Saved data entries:
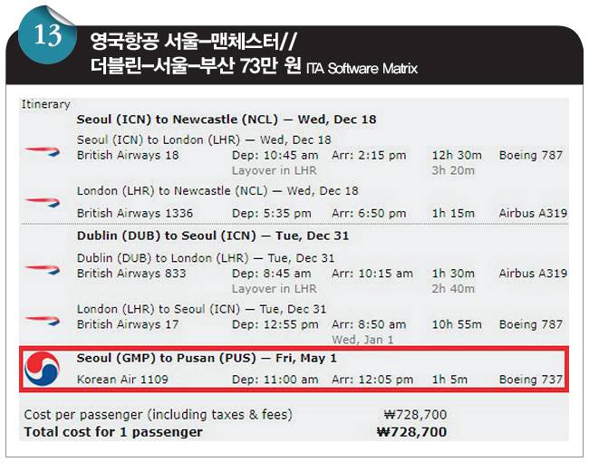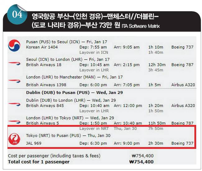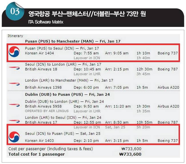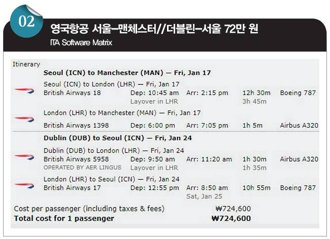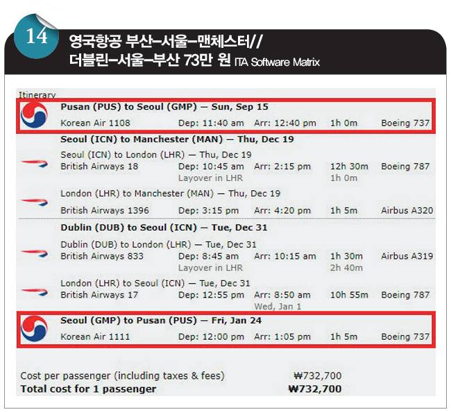 설 연휴를 앞두고 영국 맨체스터로 '인'하고 아일랜드 더블린에서 '아웃'하는 영국항공의 항공권입니다. 출발일과 귀국일에 김해국제공항~인천국제공항을 왕복하는 대한항공(KE) 항공편을 제외하면 서울 출발과 부산 출발의 차이는 없습니다. 가격은 서울 출발은 72만 원, 부산 출발은 73만 원입니다. 즉 부산-인천 구간 탑승 시 부과되는 국내선 공항세만 내면 되는 겁니다.
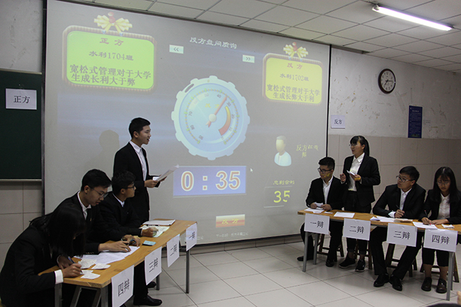 决赛辩论话题是“宽松式管理对于大学生是利大于弊还是弊大于利” ,对战双方分别是正方水利1704班和反方水利1702班。继短暂的自我介绍后,比赛进入立论陈词环节,正方认为宽松式管理可以引导学生自主学习,丰富校园生活,正方辩手立场鲜明,慷慨陈词,以充分的事实依据论证了这一观点。水利1702班反方代表也不甘示弱,他们认为宽松式管理会影响同学们的规律生活,容易使同学们养成听课不认真、沉迷网络游戏等坏习惯,反方辩手逻辑清晰,从容镇定,有力地反驳了正方观点。在自由辩论环节,正方三辩精辟的措辞、犀利的言辞,展现出咄咄逼人的气势,赢得现场阵阵掌声。
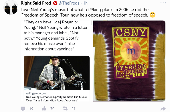 Incredible really – to think that Neil Young and many other artists of his calibre were once upon a time standard bearers for free speech everywhere – but since covid they seem to have all shown their true colours – yes, free speech … but only if hold the correct opinions and appropriate views – wanting people banned for holding different opposing views to yourself is very disappointing to say the least.
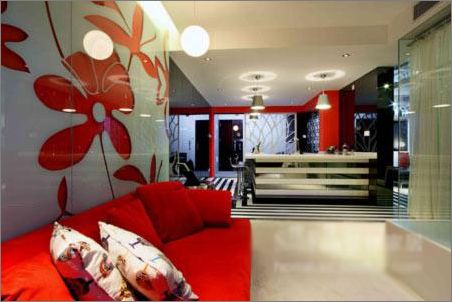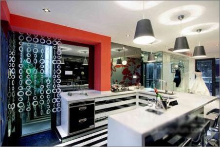 2、室內隨處可見的花朵圖案,完全滿足了女性追求美的需要,像客廳紅色沙發(fā)倚靠著白色背景、紅色花瓣的墻面;隔開廚房通往其他空間的一整面鏤空植物造型墻;臥室墻面上的大型花瓣,花朵的獨特造型是居于此的人對美麗事物的執(zhí)著追求的體現(xiàn)。就連浴室內純粹的黑、純粹的白,無不在述說著時尚和女性的精神涵義,整個空間在各種元素的相互作用下互動著,進而向人們傳達一種柔美、時尚的居住空間,如同一場空間交響樂,線條伴隨著音符不停的舞動……
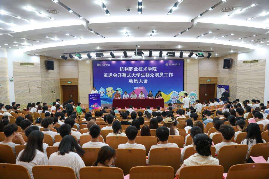 6月20日,杭州职业技术学院杭州亚运会开幕式大学生群演动员大会在行政楼二楼报告厅举行,校党委副书记陈泉淼,亚组委开闭幕式指挥中心办公室副主任、仪式演出专班负责人朱燕锋,省教育厅校安处一级调研员胡惠华,亚(残)运会开闭幕式仪式演出群演保障组主任沈晓峰,亚运会开幕式执行导演孟可,亚运会开闭幕式策划统筹、亚残运会开幕式执行导演刘洋,杭州亚运会和导演组相关工作人员;学校相关职能部门负责人、各二级学院分管学生工作的书记(副书记)、开幕式学生演员及领队教师等参加会议。会议由学工部部长江平主持。
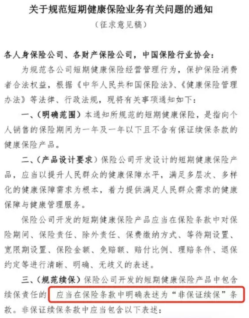 吃瓜的依据就是最近银保监起草的《规范短期健康保险业务有关问题的通知(征求意见稿)》。
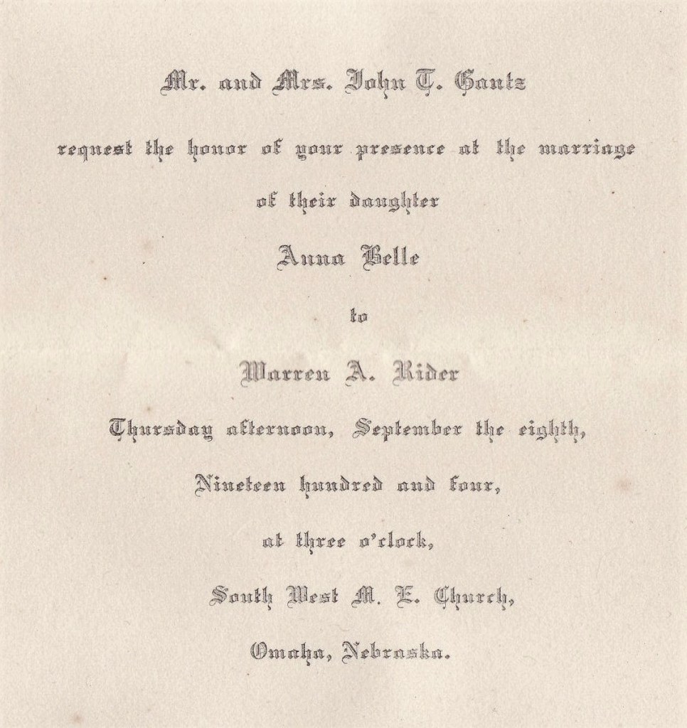 Another memento in the trunk is the wedding invitation of Maggie’s cousin Anna Belle Gantz (the daughter of Maggie’s aunt Joannah Gantz). Anna Belle married Warren A. Rider, whose family lived in Fairfield, Iowa when Maggie’s family and her aunt Joannah’s family lived there in 1880.18 The marriage ceremony was on Thursday, September 8, 1904 at South West Methodist Episcopal Church in Omaha. The church was only two blocks from the home of John and Joannah Gantz.
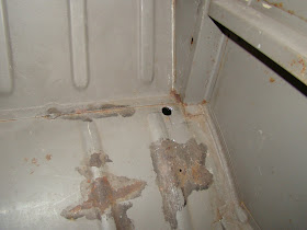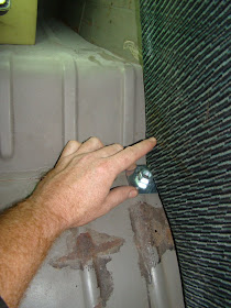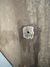 My original intention was to slide the plate up the box section from the outer part of the B pillar sill I needed to repair, but when I slid some wire down the top hole it came out of a big square hole in my new wheel arch, realy not sure why thats there? Eager to see if the hole was wide enough I slid the plate in and then dropped it. Then spent 1/2 an hour trying to dig it out again.
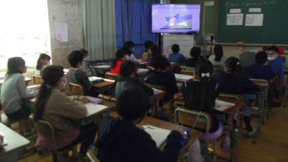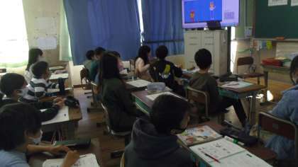 今日は行きたい国とそこでできる事の言い方を知りました。はじめに自作教材を使ってアメリカやインドでできる事の言い方を知りました。次に教科書の電子教材で言い方に慣れ親しみました。
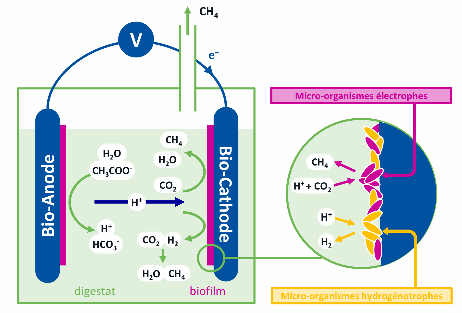 En appliquant un courant électrique dans un réacteur de méthanisation anaérobie, il est possible de favoriser l’activité des micro-organismes et donc de stimuler la production de méthane (figure 1). Mais, dans quelles conditions ce procédé, appelé électrométhanogenèse, permet-il d'améliorer la production de biométhane à partir des résidus de méthanisation ?
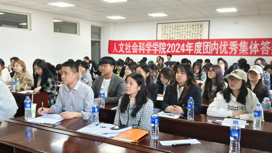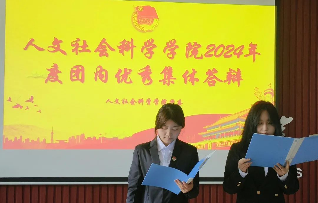 为加强基层团组织建设,增进各团支部互学互鉴,促进团员全面发展,2025年4月1日,人文社会科学学院的学生代表们于院楼502举行了2024年度团内优秀集体答辩,团委书记李娜,辅导员加俊老师出席此次活动。
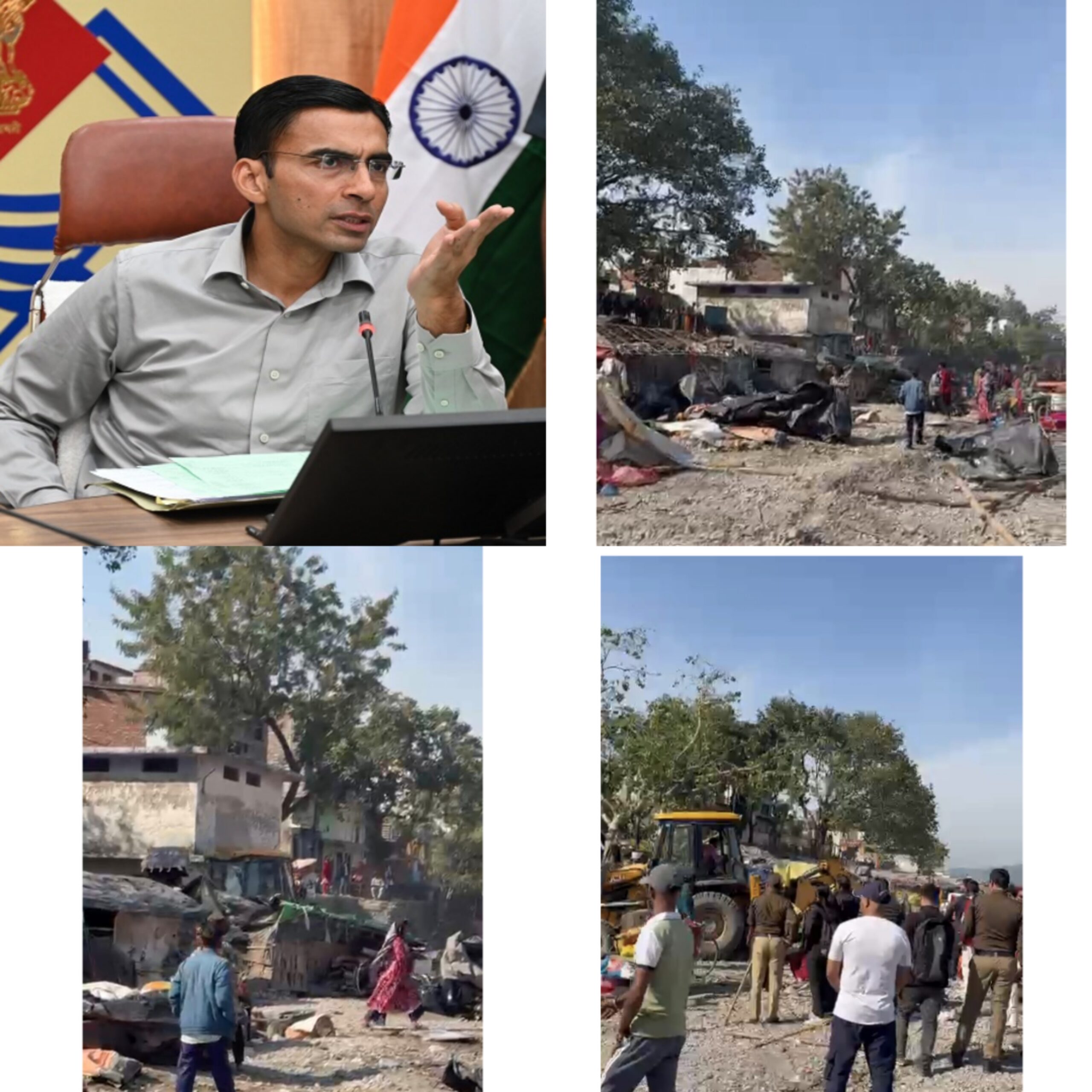 DM सविन बंसल के आदेश पर राजस्व विभाग और नगर निगम की संयुक्त टीम ने गंगा तट पर बनी 20 से अधिक अवैध झोपड़ियों को ध्वस्त किया।

## WORK ITEM
The entries above are to be copied exactly, with every picture left out.

## TASK RESULT
 설 연휴를 앞두고 영국 맨체스터로 '인'하고 아일랜드 더블린에서 '아웃'하는 영국항공의 항공권입니다. 출발일과 귀국일에 김해국제공항~인천국제공항을 왕복하는 대한항공(KE) 항공편을 제외하면 서울 출발과 부산 출발의 차이는 없습니다. 가격은 서울 출발은 72만 원, 부산 출발은 73만 원입니다. 즉 부산-인천 구간 탑승 시 부과되는 국내선 공항세만 내면 되는 겁니다.
 决赛辩论话题是“宽松式管理对于大学生是利大于弊还是弊大于利” ,对战双方分别是正方水利1704班和反方水利1702班。继短暂的自我介绍后,比赛进入立论陈词环节,正方认为宽松式管理可以引导学生自主学习,丰富校园生活,正方辩手立场鲜明,慷慨陈词,以充分的事实依据论证了这一观点。水利1702班反方代表也不甘示弱,他们认为宽松式管理会影响同学们的规律生活,容易使同学们养成听课不认真、沉迷网络游戏等坏习惯,反方辩手逻辑清晰,从容镇定,有力地反驳了正方观点。在自由辩论环节,正方三辩精辟的措辞、犀利的言辞,展现出咄咄逼人的气势,赢得现场阵阵掌声。
 Incredible really – to think that Neil Young and many other artists of his calibre were once upon a time standard bearers for free speech everywhere – but since covid they seem to have all shown their true colours – yes, free speech … but only if hold the correct opinions and appropriate views – wanting people banned for holding different opposing views to yourself is very disappointing to say the least.
 2、室內隨處可見的花朵圖案,完全滿足了女性追求美的需要,像客廳紅色沙發(fā)倚靠著白色背景、紅色花瓣的墻面;隔開廚房通往其他空間的一整面鏤空植物造型墻;臥室墻面上的大型花瓣,花朵的獨特造型是居于此的人對美麗事物的執(zhí)著追求的體現(xiàn)。就連浴室內純粹的黑、純粹的白,無不在述說著時尚和女性的精神涵義,整個空間在各種元素的相互作用下互動著,進而向人們傳達一種柔美、時尚的居住空間,如同一場空間交響樂,線條伴隨著音符不停的舞動……
 6月20日,杭州职业技术学院杭州亚运会开幕式大学生群演动员大会在行政楼二楼报告厅举行,校党委副书记陈泉淼,亚组委开闭幕式指挥中心办公室副主任、仪式演出专班负责人朱燕锋,省教育厅校安处一级调研员胡惠华,亚(残)运会开闭幕式仪式演出群演保障组主任沈晓峰,亚运会开幕式执行导演孟可,亚运会开闭幕式策划统筹、亚残运会开幕式执行导演刘洋,杭州亚运会和导演组相关工作人员;学校相关职能部门负责人、各二级学院分管学生工作的书记(副书记)、开幕式学生演员及领队教师等参加会议。会议由学工部部长江平主持。
 吃瓜的依据就是最近银保监起草的《规范短期健康保险业务有关问题的通知(征求意见稿)》。
 Another memento in the trunk is the wedding invitation of Maggie’s cousin Anna Belle Gantz (the daughter of Maggie’s aunt Joannah Gantz). Anna Belle married Warren A. Rider, whose family lived in Fairfield, Iowa when Maggie’s family and her aunt Joannah’s family lived there in 1880.18 The marriage ceremony was on Thursday, September 8, 1904 at South West Methodist Episcopal Church in Omaha. The church was only two blocks from the home of John and Joannah Gantz.
 My original intention was to slide the plate up the box section from the outer part of the B pillar sill I needed to repair, but when I slid some wire down the top hole it came out of a big square hole in my new wheel arch, realy not sure why thats there? Eager to see if the hole was wide enough I slid the plate in and then dropped it. Then spent 1/2 an hour trying to dig it out again.
 今日は行きたい国とそこでできる事の言い方を知りました。はじめに自作教材を使ってアメリカやインドでできる事の言い方を知りました。次に教科書の電子教材で言い方に慣れ親しみました。
 En appliquant un courant électrique dans un réacteur de méthanisation anaérobie, il est possible de favoriser l’activité des micro-organismes et donc de stimuler la production de méthane (figure 1). Mais, dans quelles conditions ce procédé, appelé électrométhanogenèse, permet-il d'améliorer la production de biométhane à partir des résidus de méthanisation ?
 为加强基层团组织建设,增进各团支部互学互鉴,促进团员全面发展,2025年4月1日,人文社会科学学院的学生代表们于院楼502举行了2024年度团内优秀集体答辩,团委书记李娜,辅导员加俊老师出席此次活动。
 DM सविन बंसल के आदेश पर राजस्व विभाग और नगर निगम की संयुक्त टीम ने गंगा तट पर बनी 20 से अधिक अवैध झोपड़ियों को ध्वस्त किया।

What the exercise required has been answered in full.